This has GOT to stop.

The incident in Qana today is the latest of a catalogue of events which communicates the obvious – there are no winners in war. The battle of spin has raged across the international community with the US, Israel and Tony Blair making use of one set of language and Iran and Hezbollah another, while hundreds of civilians of at least two nationalities and five religions are slaughtered. The talk, the delays, the endless talk, but no-one seems to genuinely care about the people, both Israeli and Lebanese, either losing their lives or livelihoods or in fear of doing so.

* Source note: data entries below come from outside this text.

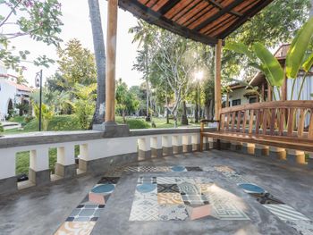 Самая изюминка отеля это его цветущая территория утопающая в цветах и зелени, запахи цветов просто голову сносят, красивый бассейн в форме гитары. По ночам тишина аж лягушек и кузнечиков слыхать.До пляжа 120 метров пешком, пляж хороший, на пляже кафе с вай фаем учень удобно. Рускоговорящий сотрудник на рецепшене очень помогал в решении разных вопросах связаных с заменой номера и заменой батареек в сейфе да и по другим мелким вопросам. В баре работают замечательные сотрудники всегда можно подойти попросить открыть бутылочку вина и взять ведерко со льдом.
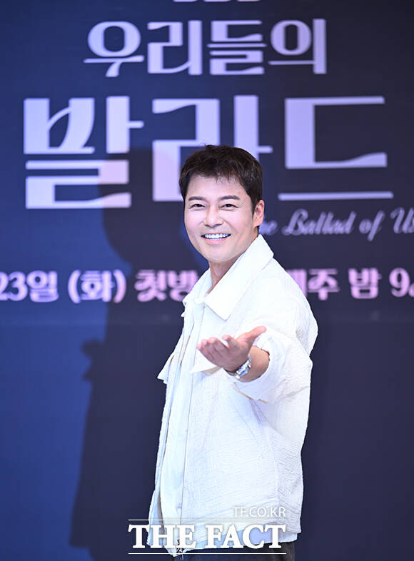 [더팩트ㅣ박헌우 기자] 방송인 전현무가 23일 오전 서울 양천구 목동 SBS에서 열린 SBS 새 예능 프로그램 '우리들의 발라드' 제작발표회에 참석해 포즈를 취하고 있다.
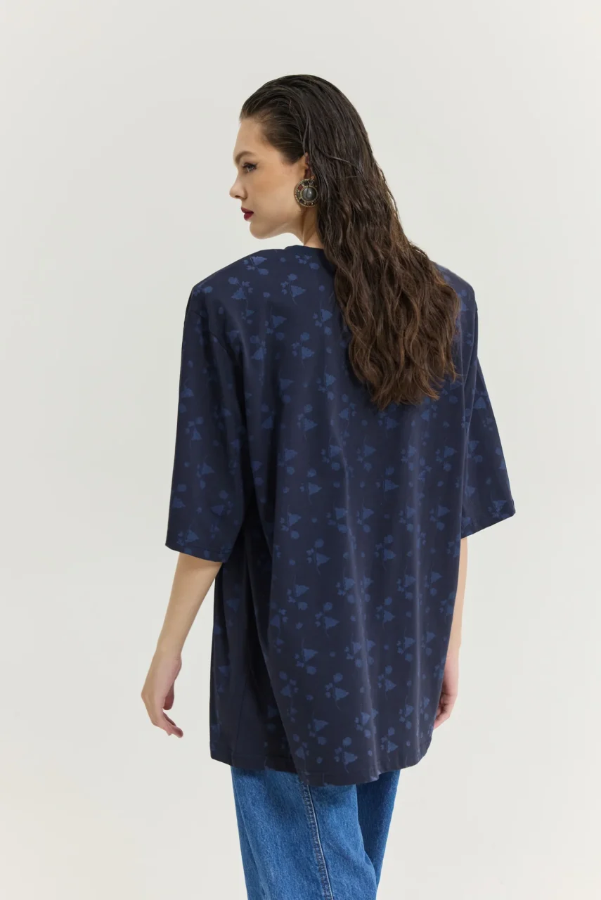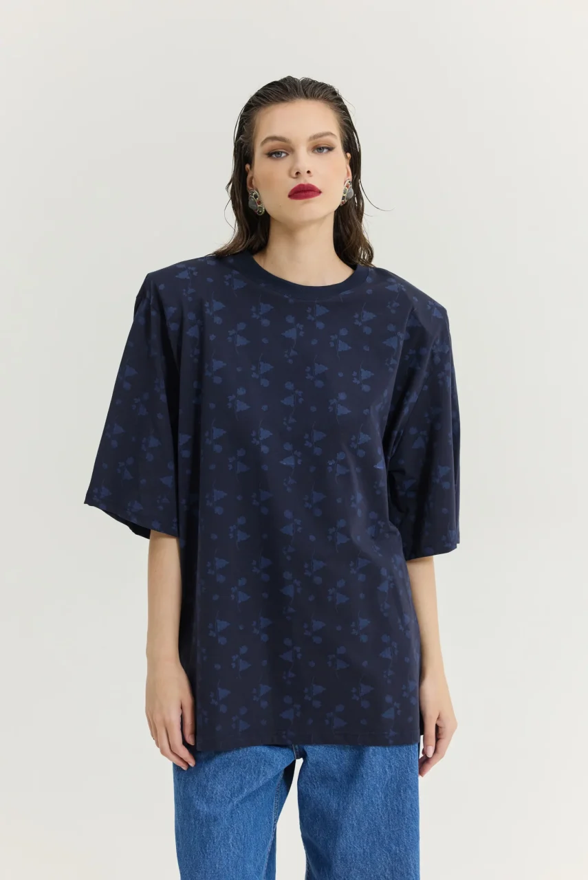 Oversized T-shirt με μπλε τριαντάφυλλα.
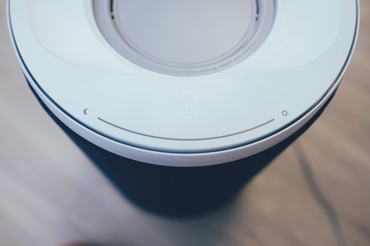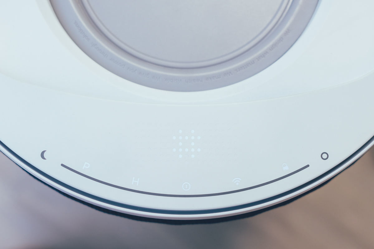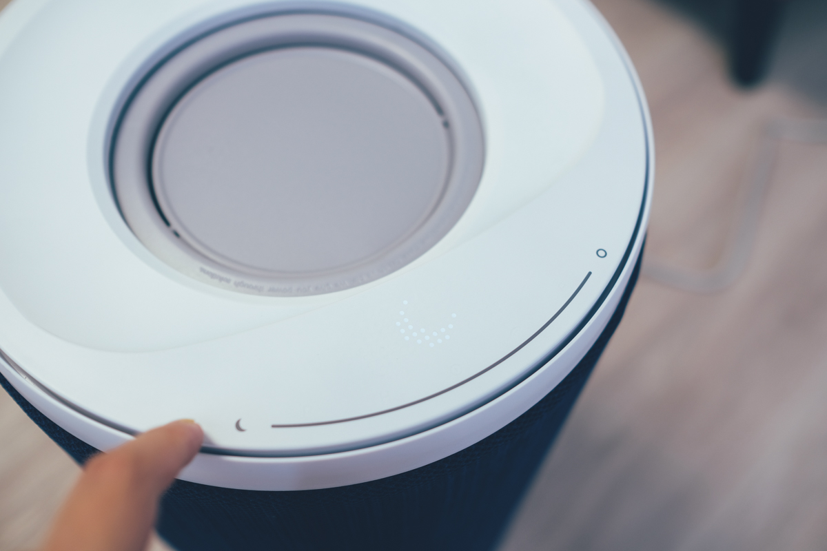 我們來看一下方上的出風口及控制面板區,首先是出風口的設計,和一般空淨機一樣,都是朝上出風,將乾淨空氣過濾網往上送來帶動空氣循環,但如果你不是 24 小時開機的人,應該很容易在不使用時讓出風口堆積灰塵,而且落塵是會直接掉進內部的濾網或是風扇,假設你靜置一個月不開機,那麼當一開機就會有可怕的灰塵被吹送出來。
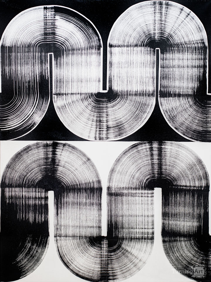 Emon employs a restricted palette that stretches the limits of her medium, and acts as a challenge towards creating complexity. She uses bold contrast and repetition to elicit an immediate response from viewers, while a closer inspection reveals the highly skilled technique, nuance and detail that Emon has cultivated. Her work has become increasingly three dimensional as she’s reflected on the emotional impact of work that changes the viewer’s relationship to space.
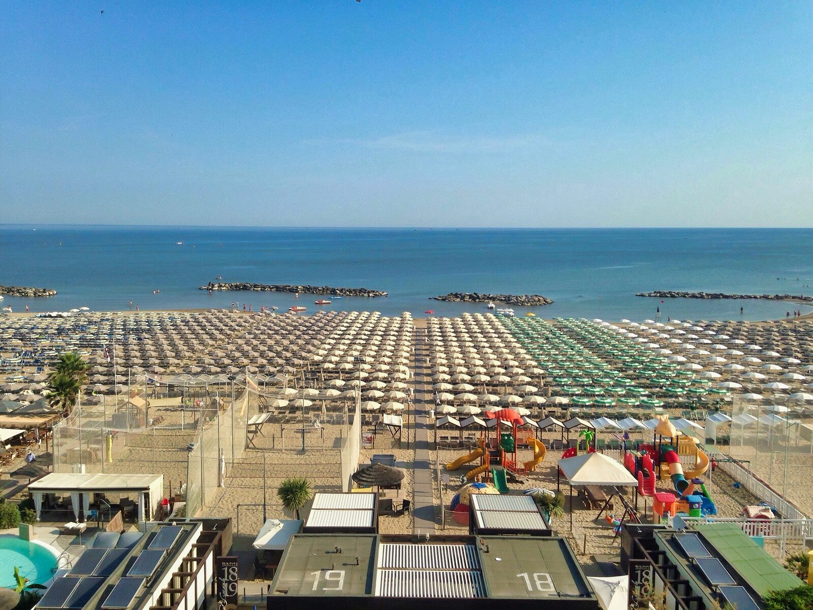 1 ombrellone + 2 lettini per camera doppia, massimo 2 lettini per camera; 1 ombrellone + 1 lettino per la camera singola, uso della cabina al mare presso i bagni di sabbia finissima Golden Beach o Sunshine, attrezzati con bar, giochi, piscina, bocce, beach volley, basket, attività di animazione, baby club.

The part which is of most concern is that some nations are immune to international law while others are persecuted by it. The case of Iran is interesting – unlike North Korea, Iran has not broken any international laws. Iran also has not violated any other country’s sovereignty. It has cooperated with the IAEA. However, the international community insist on moving the goalposts as a means to control Iran’s activities within what the US and several European countries consider an acceptable set of limits which they have in effect unilaterally imposed on Iran. The end result has been an increasingly entrenched position from Iran, and a feeling that abiding by the rules is useless as they will not be rewarded for it.

Israel has on four occasions invaded other countries, and at present illegally occupies part of Syria (Golan Heights) as well as the Palestinian territories, in contravention of UN resolution 242. They continue to receive billions of dollars of aid from the US, and we now know that the US is supplying deadly munitions to them via a compliant UK administration (which may soon fall from internal outrage about its complicity in this affair).

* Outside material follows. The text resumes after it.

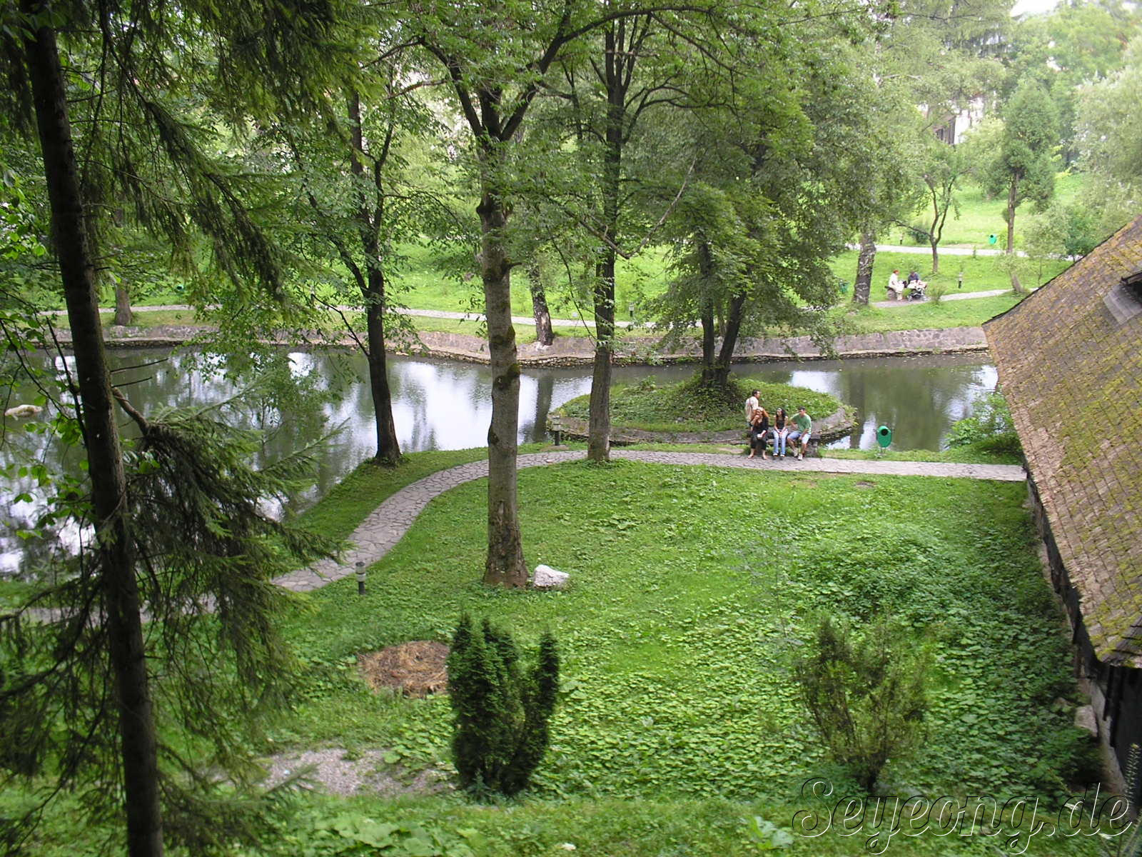 성 옆의 공원인듯한 푸른색 잔디가 이 성의 음흉함을 덜어주는듯..
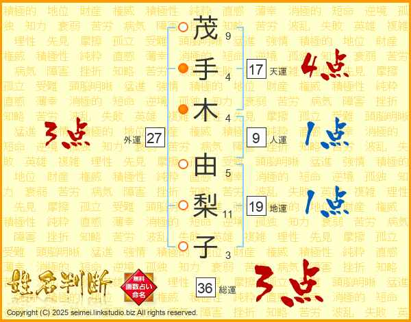 茂(9画)手(4画)木(4画) 由(5画)梨(11画)子(3画)

UN resolution 1559 (2005), which Israel and the US make considerable use of in their rhetoric, was passed in a set of circumstances where Lebanon was trying to shake off a foreign power which had dominated its political life for the previous 30 years. UN resolution 1441 (2002) was creatively interpreted to allow the US to go to war. Yet UN resolution 242 (1967) calling on Israel to retreat to its borders has been left to dry, and any attempt to pass any resolution criticising Israel today is vetoed by the US under the archaic post-war system which allowed the five leading countries to hold veto powers.

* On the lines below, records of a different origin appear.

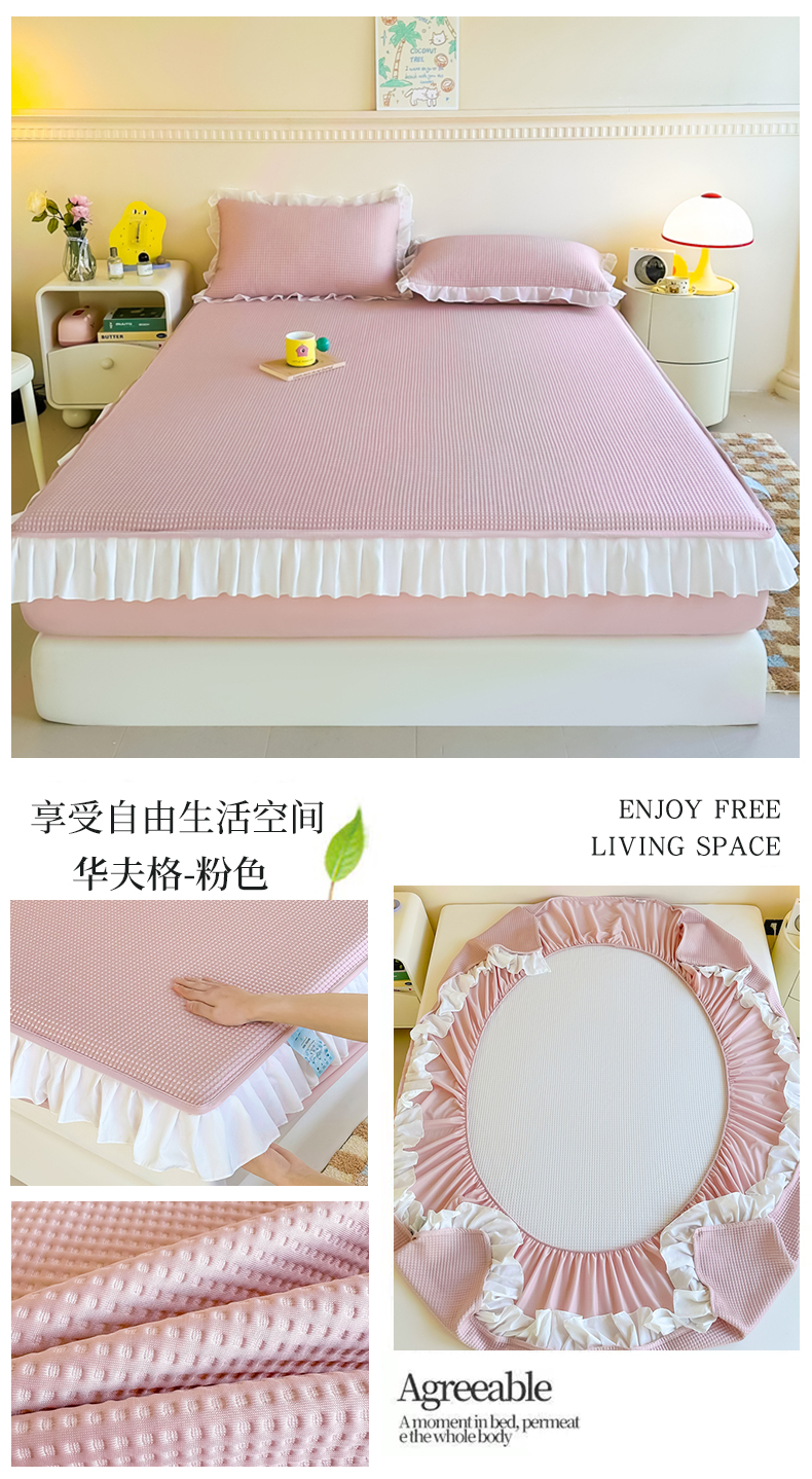 (总)屹成 2024新款水洗棉蕾丝四季款床笠床裙单品套件-床裙三件套,粉玉,豆沙,粉红,大红,橄榄绿,卡其,玫红,浅紫,水绿,天蓝,银灰
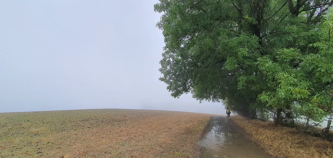 아침 7시 여전히 캄캄했다. 어제의 비는 그치지 않고 어둠을 더욱 짙게 하고 더디 걷히게 했다. 호기롭게 둘이서 길을 나서다 어두운 길을 뚫지 못하고 주춤 뒷걸음치다가 폰 전등에 의지해 걷고 있는 사람과 합류한다. 그의 폰과 우리 폰의 빛이 합쳐지니 어둠을 뚫는데 수월해졌다.
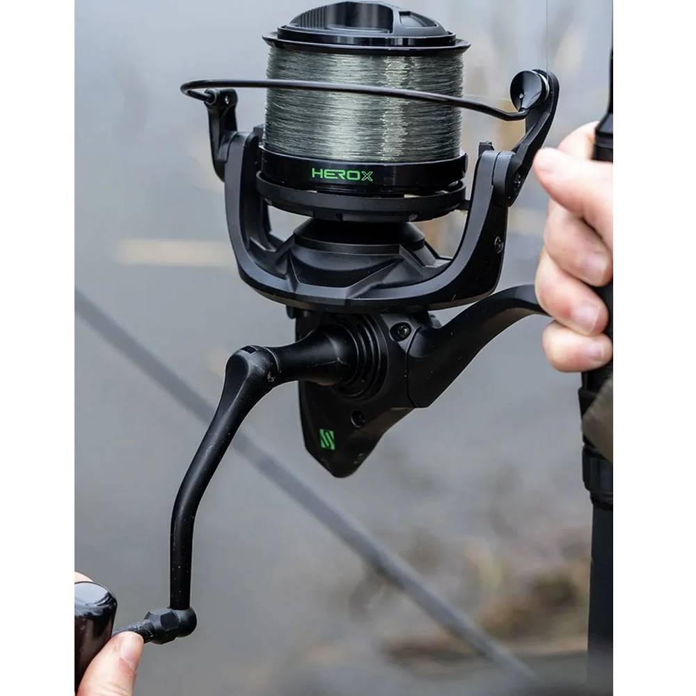 HEROX es una gama de carretes elegantes, robustos y de alta capacidad diseñados para que el pescador de carpas y el pescador especializado pueda afrontar todas las condiciones. Fabricado con altas especificaciones y con una transmisión helicoidal ultrasuave. Nuestro equipo Heli Coil proporciona una cama de línea ultraplana para un rendimiento de lanzamiento suave y una colocación de línea impecable. Construido con grafito liviano; El cuerpo y el rotor incorporan un protector de línea de rotor flotante, que ayuda a evitar enredos.
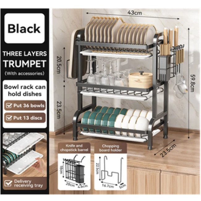 Сушарка для посуду тришарова чорного кольору з піддоном — це функціональне та стильне рішення для вашої кухні, яке дозволить організувати процес сушіння посуду максимально зручно та гігієнічно. Продумана багаторівнева конструкція сприяє ефективному використанню простору, а чорне колірне виконання доповнить інтер’єр сучасним акцентом.

Is a war crime a war crime or not? The Lebanese president was certainly in no doubt of that when he addressed the media today. But who gets prosecuted? While Saddam’s war crimes case is wrapping up in Baghdad, complete with seemingly biased judge, questionable process and certain verdict, one can be fairly sure that the international community, whose first responsibility should be to the citizens of the world always, will dismiss this as some kind of mistake or justify it in terms of Hezbollah’s attacks on Israel. Those too are crimes against civilians that should be proscuted, but they probably will be – my question is why two civilians can die and one receives justice and the other a kick in the guts by wealthy Western leaders and their media entourages.

It is my hope that the Qana incident (actually the second Qana incident – the last atrocity there is documented in a link from the BBC story) will be a catalyst to stop the spin and help the people who need it most. Commission of unpunishable war crimes only gives rise to helpless anger and a desire to avenge, which in turn is a detriment to Israel’s future security needs.

Recommended reading:
* Philippe Sands (international jurist) – “Lawless World” – documents both the rise of international law and its abuse in recent years.
* Viewpoint from the Arab world (26 Jul) – found on another blog.

* Declaration: The author believes that Israel has the right to exist and a need for secure and peaceful existence within its borders. The author is only 3 generations removed from European Jews, at least 13 of whom died in Treblinka and Dachau, and fears the consequences of excessive Israeli force to its future security and that of a future viable Palestinian state. The author is also from Northern Ireland and is more than used to pointless standoffs where innocents on both sides die and both armed sides have their hands covered in blood.